V1, R1 = generate_efficient_frontier(stock1, stock2, rets)
V2, R2 = generate_efficient_frontier(stock1, stock3, rets)
V3, R3 = generate_efficient_frontier(stock2, stock3, rets)

fig, ax = plt.subplots(figsize=(10,6))
ax.plot(V1, R1, color='red')
ax.plot(V2, R2, color='orange')
ax.plot(V3, R3, color='green')

cov = rets.cov()
for i in range(3):
    for j in range(3):
        if i == j:
            v = cov[stocks[i]][stocks[i]]**0.5*np.sqrt(frequency)
            r = AnnR[stocks[i]]
            plt.scatter(v, r, label=stocks[i])

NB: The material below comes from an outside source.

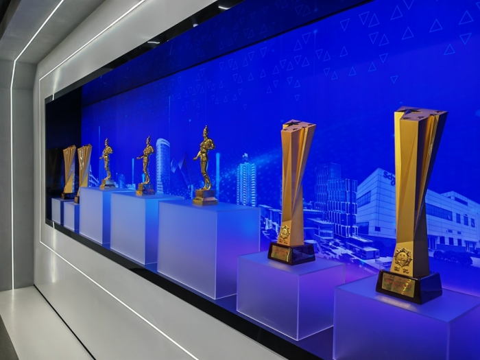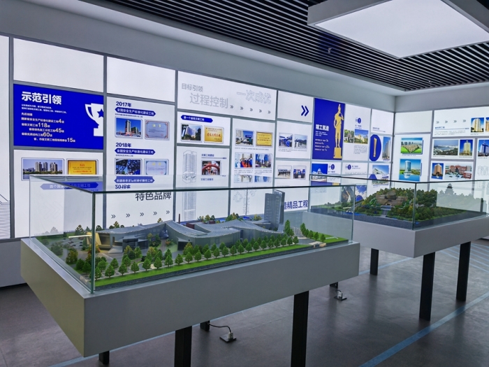 企業(yè)展覽館總面積516㎡,共分為四個(gè)展示單元,分別是:第一單元平地起高樓,主要展示集團(tuán)公司歷史沿革;第二單元風(fēng)雨筑輝煌,主要展示集團(tuán)公司壯闊征程;第三單元黨建強(qiáng)引領(lǐng),主要展示黨建、企業(yè)文化;第四單元公司榮譽(yù)展示;通過(guò)實(shí)物、展板、沙盤(pán)、模型、視屏、雕塑等表現(xiàn)手法,以圖、文、影、聲并茂的形式全方位呈現(xiàn)集團(tuán)公司走過(guò)的艱辛之路、創(chuàng)新之路、豪邁之路。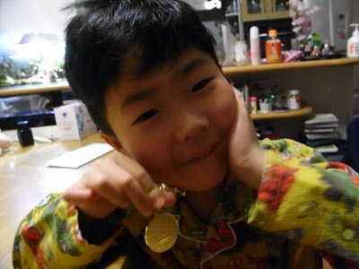 満点の生徒だけもらえる、金メダル。 |

plt.title('Efficient frontier with 2 stocks')
plt.xlabel('Annualized Volatility')
plt.ylabel('Annualized Return')
plt.legend()

vals = ax.get_yticks()
ax.set_yticklabels(['{:,.2%}'.format(x) for x in vals])
vals = ax.get_xticks()
ax.set_xticklabels(['{:,.2%}'.format(x) for x in vals])

plt.savefig('images/02_efficient_frontier_2by2.png')
plt.show();
../../_images/02-mpt_14_0.png

Random weights#

What happens if we create a portfolio with 3 stocks? Let’s generate 1,000 simulations with random weights for the 3 stocks. We ensure that these weights sum to one.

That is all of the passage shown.